Time to say goodbye to the Gurkha Inn.
The plan was simple. Hike from Phakding back up to Lukla, get there early, and have a buffer day before Steve and Alice rolled in. We didn’t want to be cutting it close on the last leg, so an early start it was.
One problem. Nicholas and Po On were finally, fully better. Pokin was not. She’d been the one who couldn’t shake it, and she still sounded terrible. Some people just don’t recover at altitude, and she was firmly in that camp.

While Nicholas did math at the breakfast table, the porters started hauling our gear into the courtyard and packing it down. After all the days we’d spent at the Gurkha Inn, the family gave us a proper send-off. Scarves, photos, the whole ceremony.


They also handed over a farewell treat plate. I assume the apples were for the horses. The Oreos and the small pile of wrapped candy, however, were clearly meant for me.

Then we geared up and headed out.

The Bridge, The Donkeys, The Usual#
The way out of town crossed one of the big suspension bridges, which meant the usual ritual: stand there and wait while a cargo train of donkeys decides whether or not it’s their turn.


After that it was just trail. Down, then up, then more up. Lukla sits higher than Phakding, so the last stretch back is a climb, not a stroll.

This is the part where I have to bring up the horse situation.
Pokin vs. The Horse#
Here is the thing you need to know. This entire trip, every single time a horse came up as an option, Pokin refused. Flatly. She watched Po On ride one back to Tengboche days earlier. Saw it work perfectly. Still said no. She wanted to do the whole thing on her own legs, which is an admirable instinct right up until your legs and your lungs disagree with you.
I never understood this. I make my bud carry me everywhere and it’s fantastic. I have no notes on the system. The system is perfect.
So we’re maybe two hours of solid uphill from Lukla, and Pokin starts coughing in a way that isn’t “I have a cold” so much as “I might fold up on this trail.” Real fits. The kind where you stop walking because you have to.
Nicholas watched it for a bit and told her, flat out, that he was getting a horse. You’d think that would settle it. It did not. Pokin just kept walking, having quietly decided that if she could outwalk the horse, she wouldn’t have to ride it. The horse did not even exist yet and she was already racing it.
So Nicholas went back, found Nilman, negotiated the horse anyway, and then caught up to her on the trail. By this point Pokin had thrown so much energy into outrunning a hypothetical, not-yet-purchased horse that she’d completely wrecked herself. She was now too tired to walk back to where the horse actually was.
So the horse came to her. She lost a race against an animal that hadn’t been hired when the race started. Chestnut, somewhere back in Las Vegas, just felt a great disturbance and has no idea why he’s suddenly so happy.
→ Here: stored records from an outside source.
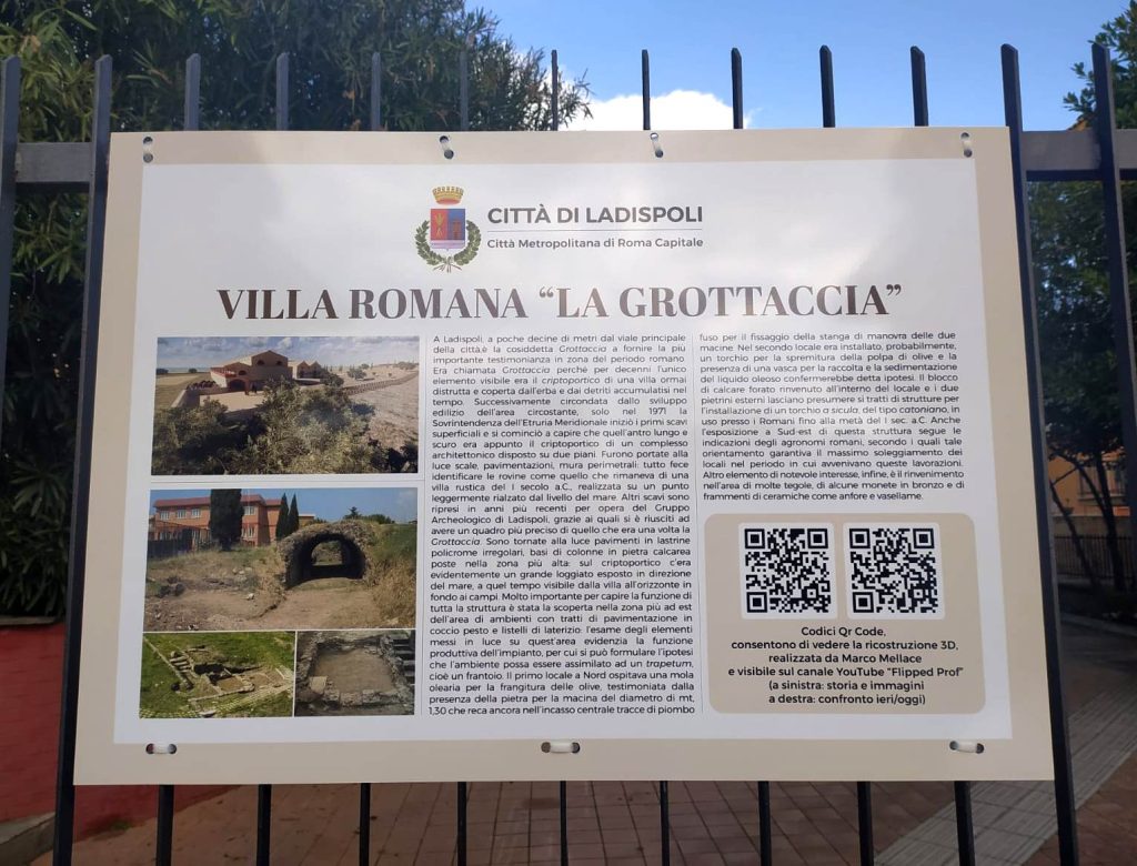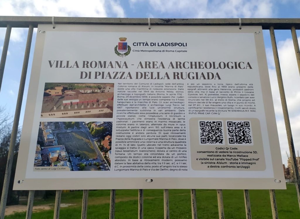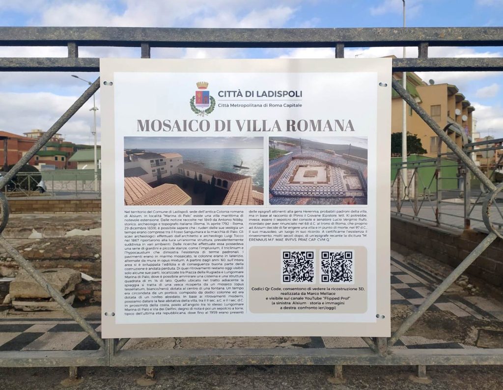 “I luoghi interessati dagli interventi – ha proseguito l’Assessore – sono quelli del centro urbano, come i ruderi della villa imperiale rurale della Grottaccia, di Via Rapallo e i resti della grande villa, sempre di epoca romana, posti tra Piazza della Rugiada, il mosaico di Lungomare Marina di Palo e il sepolcro, attribuito da alcuni storici al console e militare romano Lucio Verginio Rufo, ubicato nello stesso lungomare angolo con Via dei Delfini. La nuova cartellonistica contiene al suo interno immagine di confronto ieri (ricostruzione in 3D) e oggi, descrizione del luogo e Codici QR Code che rimandano alle relative ricostruzioni in tre dimensioni effettuate da Marco Mellace, visibili sul suo Canale YouTube “Flipped Prof”, che l’Amministrazione Comunale del Sindaco Alessandro Grando, partendo dalla sottoscritta, ringraziano per la disponibilità concessa, permettendo così all’iniziativa di poter aggiungere un’ulteriore servizio di conoscenza per la cittadinanza”.
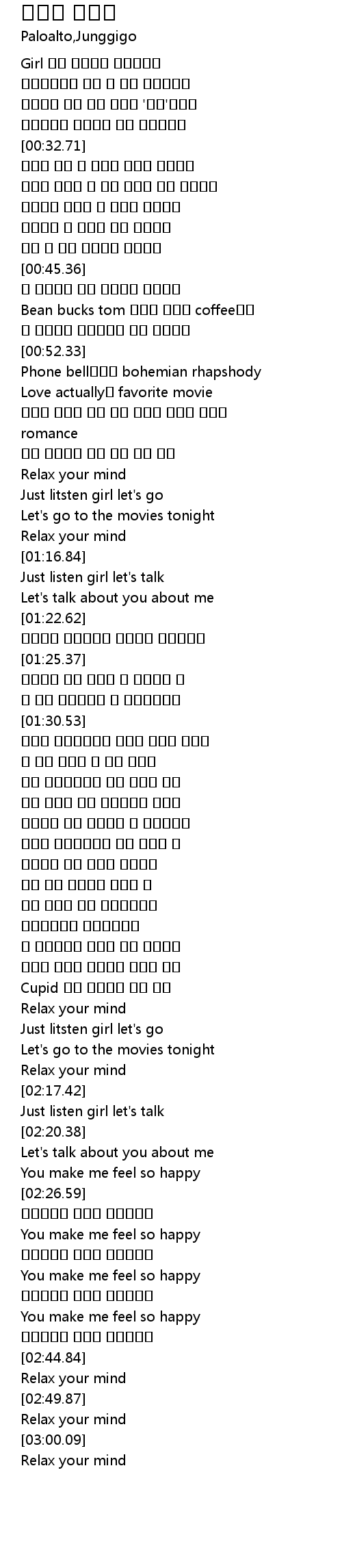 | [01:31.04] | 은은한 커피향기같은 미소가 심장을 뛰게해 |
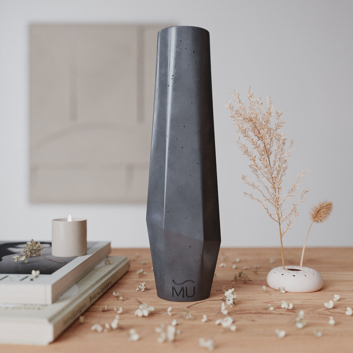 Декоративная ваза для сухоцветов Megan M, 30 см, бетон, серая матовая

The horse that showed up was big. Not pony big. Intimidatingly, structurally big. His name was Rocky, which felt about right. He looked at the trail ahead like it had personally wasted his time.

And then something annoying happened. She felt better immediately.
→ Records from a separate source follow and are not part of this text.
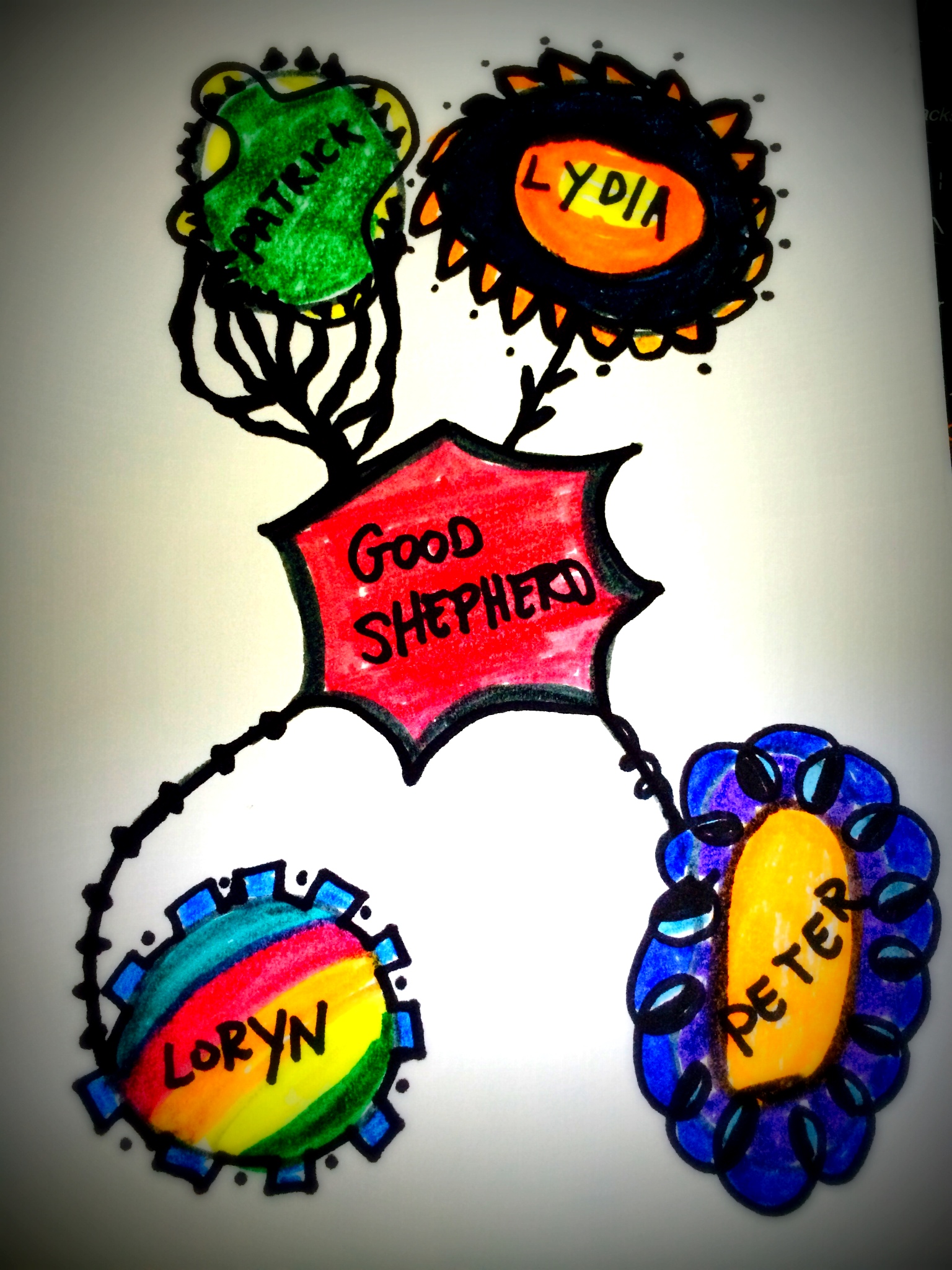 In the center shape, I encouraged them to write a characteristic or action of God and then add names of people in their life that they wanted to experience God. Below is my colorful prayer for each child to experience God as the Good Shepherd.
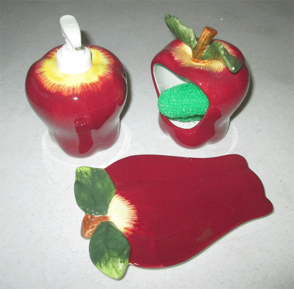Apple Soap Dispenser, Scouring Pad Holder Spoon rest Set
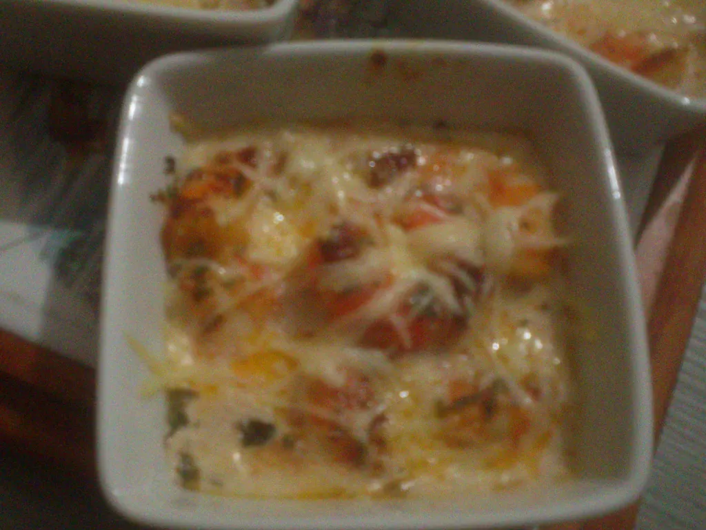 répartir cette sauce dans les cassolettes. saupoudrer de gruyère râpé et passer quelques minutes au grill.

You could see the relief from the ground. One minute she’s coughing herself inside out, next minute she’s up on this enormous animal cruising toward Lukla like she’s leading a parade. I rode shotgun for part of it, purely in a supervisory capacity.

The horse hauled her up that mountain like the elevation didn’t exist. The rest of us scuttled along behind on foot, trying to keep pace with a creature that climbs Himalayan trails for a living. We lost.
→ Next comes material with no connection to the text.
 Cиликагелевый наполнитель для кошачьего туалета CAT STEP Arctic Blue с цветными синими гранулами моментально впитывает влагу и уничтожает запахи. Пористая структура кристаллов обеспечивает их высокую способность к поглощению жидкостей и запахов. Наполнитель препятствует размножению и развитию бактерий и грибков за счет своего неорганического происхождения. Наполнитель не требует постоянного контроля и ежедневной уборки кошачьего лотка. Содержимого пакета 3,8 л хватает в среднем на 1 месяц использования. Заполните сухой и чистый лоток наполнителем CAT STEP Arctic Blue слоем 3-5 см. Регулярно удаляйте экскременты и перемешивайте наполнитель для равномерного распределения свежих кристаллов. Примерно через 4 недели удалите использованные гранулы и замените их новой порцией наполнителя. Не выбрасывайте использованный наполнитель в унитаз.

Lukla, and the Hotel That Was Too Fancy to Feed Us#
We made it into Lukla without any further drama, which after this trek felt almost suspicious. Checked into our hotel, which was very nice. Too nice, it turned out. The kind of nice where the restaurant is more interested in looking good than feeding you.
So we went next door to a place called the Yak Hotel. Everyone assumed it would be a downgrade. They said the food was excellent, but I’m still not convinced it wasn’t just relief that they’d survived another hike.

There were noodles, pancakes, a mountain of rice with eggs and cashews stuck in it. I did not partake. None of it was cocoa. None of it was chocolate. I observed, judged, and approved of their enthusiasm from a safe distance.

And that was the day. We made it to Lukla, settled in, and decided to hunker down for the night and wait for Steve and Alice to arrive in the morning.
One more night up here. One more round of goodbyes coming, to the porters, the crew, to D.B., and then the helicopter back to Kathmandu.
The mountain was almost done with us. We were almost done with the mountain. Pokin, for the record, finished the last leg in the saddle, and I will be bringing it up forever.